Our little Emily has had many nickames in her short life: Wild Child, Energizer Bunny, Bouncy Boo, etc. After three weeks on Feingold, something remarkable happened.
The parenting techniques that had been successful with my first child didn't work for Emily She was thin as a rail with dark circles under her eyes. We always had plenty of protein, fruit, and vegetables for snacks and meals, but for years she ate only apples, other salicylates like cucumbers, grapes, and oranges, and peanut butter sandwiches. (I would later learn that the peanut butter was not a Feingold-acceptable brand.)
At a medical checkup for my older daughter, five year old Emily had squirmed, hopped, climbed, hummed, fell, bounced, and tried to sit again all in the space of about a minute. This doctor asked me if I wanted to have her tested for ADHD. Thus began my search for what would help my younger daughter. We agreed to try drugs, behavioral modification, nutritional supplements and organics. Everything worked a little or sometimes, but Emily continued to panic frequently - especially when it was time to clean her room.
In the spring of 2005, we decided that we couldn't keep her on Ritalin anymore, and the next day the Canadians banned Adderall.
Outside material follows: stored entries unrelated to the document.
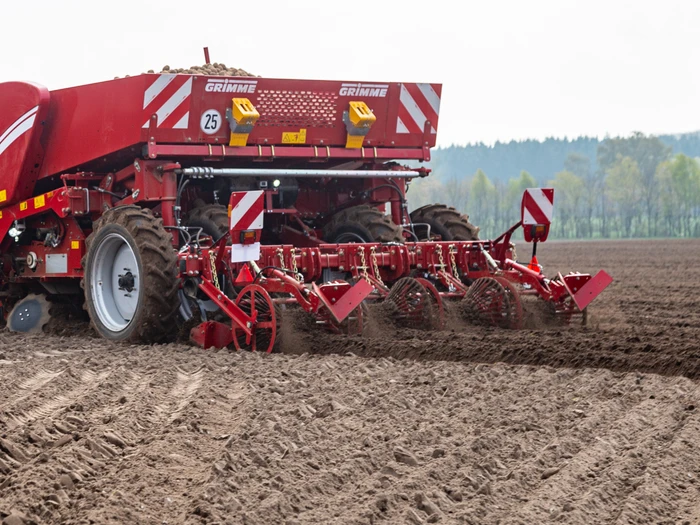 La planteuse à courroies à quatre rangs GB 430 est le bon choix pour une plantation rapide, efficace et douce des pommes de terre. L’élément planteur à courroie permet la plantation de plants non calibrés ou de variétés allongées Pour des tailles de plants appropriées et calibrées, il est possible d’atteindre des vitesses d’avancement élevées jusqu’à 10 km/h, ce qui entraîne une augmentation du débit de chantier. La GB 430 a été conçue pour la plantation conventionnelle sur buttes, mais également pour la plantation sur billons tamisés. Avec deux châssis différents, les machines peuvent être adaptées de manière optimale aux différentes formes et tailles de buttes. L’efficacité de la plantation peut être augmentée au maximum en combinant la fertilisation localisée, la formation des buttes, la protection contre l’érosion, l’application de granulés et la pulvérisation liquide pour le traitement du plant et du sillon. La machine peut également être équipée en option de systèmes Clever Planting et Section Control.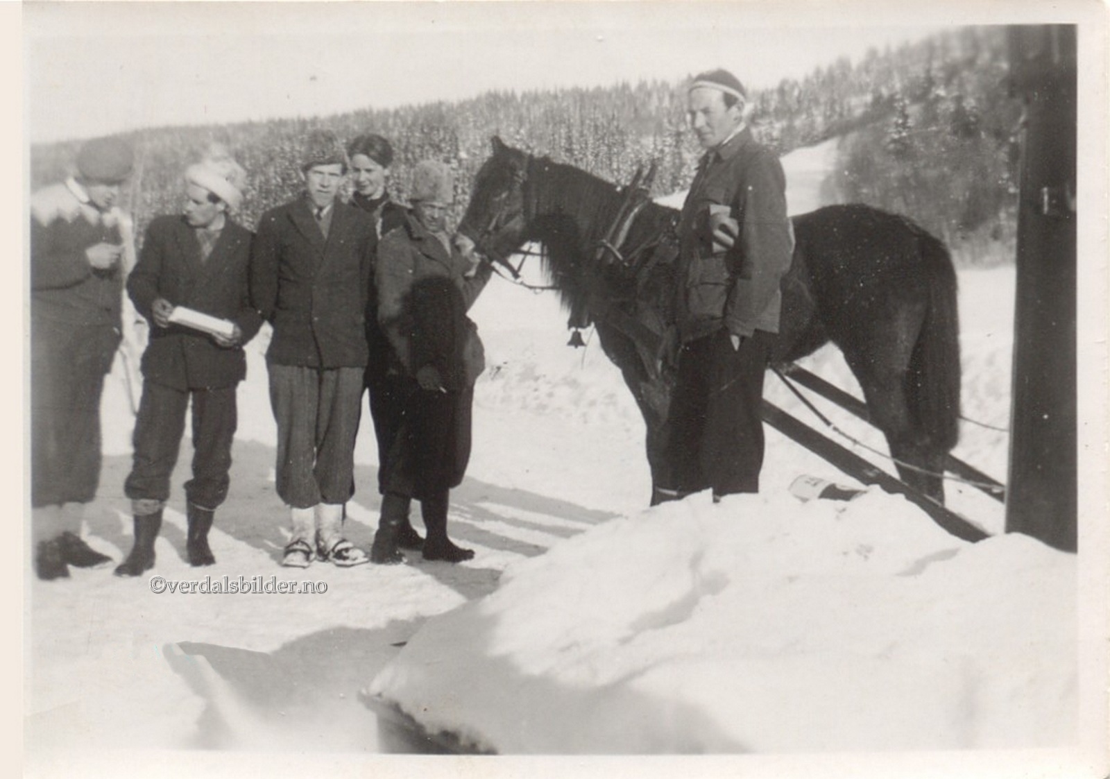 Verdalinger på tømmerhogst i Hegra i 1950 -- Klaus Andersen forteller: Æ å nån ainna kara låg å högg tömmer oppi fjelle i Hegra,(nemme Meraker) i slute av förtitale.De va hain Martin Storhaug som va bas fer gjengen, hain ha me sä sönnin Oddgeir å Magner, mågen Sverre Lerfald, Nils Falstad frå «Brenne» å sönnin hains,Egil å Iver, Paul Gjersing frå Tinna,Ivar Lyng frå Steksta. Stöbb Nilsen å ä,vi va öngstan. Som kokk fer banden ha vi a Kari Bergstad me minsteguten Rolf Har du korrigeringer, nye navn eller en kommentar? Ring eller send sms til 472 97 311 eller 456 00 950 Det beste er å sende en E-post til: post@verdalsbilder.no Tips noen om dette bildet : Klikk her Forstørre bildet Bruk ctrl-knapp + musehjul oppover for å forstørre bildet. Bruk ctrl-knapp + musehjul nedover for å forminske bildet Du kan også bruke "ctrl-knapp" samtidig med "+" og "-" på det numeriske tastaturet. "Ctrl" og "*" (eller null) tilbakestiller størrelsen | ||||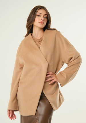 Cappotto corto senza collo, in panno a maniche lunghe con spalle morbide, tasche laterali a filetto, chiusura frontale con bottone a pressione, fodera interna
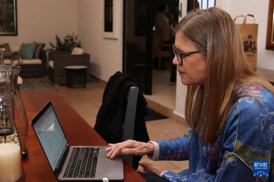 8月7日,在巴拿马奇里基省博克特地区,翡翠庄园咖啡总监蕾切尔·彼德松关注咖啡拍卖实时更新。新华社发(巴拿马精品咖啡协会供图)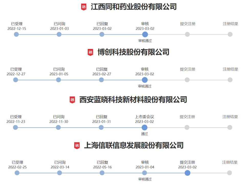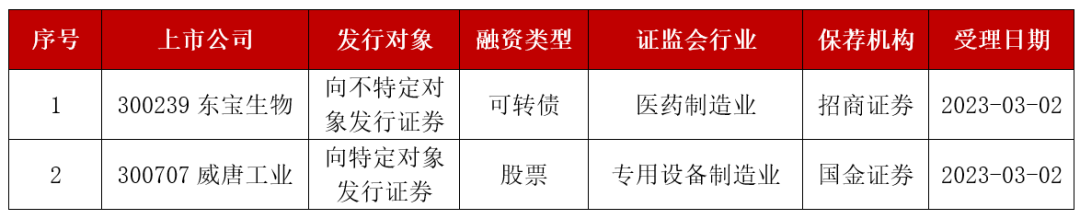 昨日至今,创业板再融资新增东宝生物等2家获受理,新增共和药业等2家审核通过企业,新增蓝晓科技1家上市委会议通过企业,新增信息发展1家提交注册企业。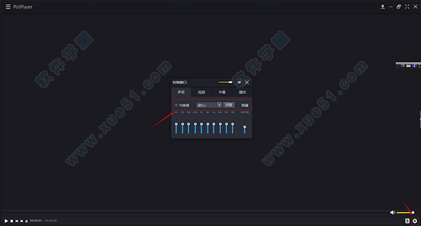 3、在播放列表旁的“设置”图标,点击即可打开“控制窗口”,可以自由调节声音、视频、字幕以及播放的多种参数
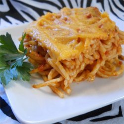 4Pour mixture into a 9x13 inch baking dish. On top of mixture, layer pasta and then sprinkle on cheese. Bake in preheated oven until cheese is melted.

We weaned her off all drugs and tried organic foods. There was some improvement, but not consistently (I had not considered her toothpaste, shampoo, and other non-food items, plus her favorite snacks were all salicylates).
Finally, we found the Feingold Program
Several weeks ago I posted our good news - a milestone for Emily - on an ADHD message board:
"Yesterday for the first time ever, Emily cleaned her room. She did it without any impetus at all!! She volunteered, did it on her own, and told me about it later! She also cleaned her sister's closet. She said that she just felt like it. I had to sit down and take slow breaths!"This was a quantum leap. I had been holding her to the cleaning standards of a 2 year old because she didn't seem to be able to do any better. And I had put so much effort into this one issue, that the day she did it on her own floored me. I've been telling everybody that the Feingold Program is responsible for the "New Emily."
The room cleaning episode was at the beginning of the fourth week, but we saw results within three days. Since I also have ADHD, I joined my little dear, and guess what? I quit "flying off the handle" and crying over minor things. And I'm no longer depressed, (years ago, I had been diagnosed with SADD).
There are people on the e-loop who say they've been with Feingold for over 20 years. It would have been wonderful if I could have said that, but I wasn't listening then. It took having a child facing her own difficulties for me to care enough to search for the solution. We have slipped up on the diet now and again, but it only serves to show us how good it is. We have a Better Boo.
Thanks for caring enough to do the research needed to tell people like us how to stay sane.